There is yet another interesting side to the same story from the banks. Commercial banks are no longer funding property loans due to oversupply. Existing Developers and landlords are desperate to find tenants to have the cash flow to repay their loans. Rentals for up market properties declining. A block of units downtown that would fetch K10 million in 2011 is selling for K4 million as reported in The National. Good news for first home buyers, you will soon be able to afford a brand new 3 bedroom home complete for under K300, 000.

Property prices and rental rates for the up market properties like down town and Boroko have surely come down but the standard houses in the regular suburbs remain relatively high due to the high demand since this is the category where the majority of buyers and renters are in.

We also noted that The Department of lands is also working on Strata-title legislation which will make life easier for multiple owners on a single block of land.

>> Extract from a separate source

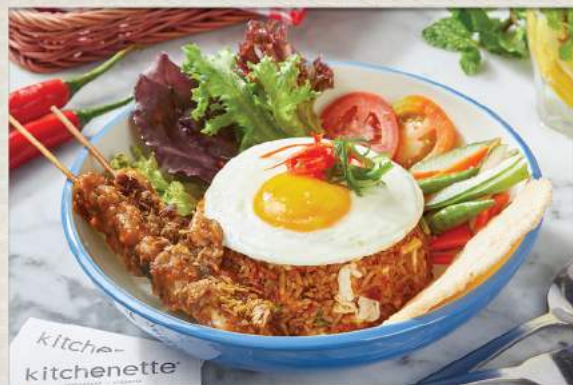
The Maid's Nasi Goreng 105 traditional Indonesian style nasi goreng with seafood, fried egg & chicken satay

One could build a high-rise building and have the title shared between multiple shareholders (e.g. one unit per shareholder).

However, the real effect of the so called property bubble is yet to be seen and felt and this does not translate well if it is only confined to a specific "high end" section of the market.

Occupancy rate is one way of probably looking at it, but it’s important to be more focused on the price of properties. The rule of thumb still stands, "high supply, low demand, price drops", and that is where efforts by NHC and Lands Department for example will help.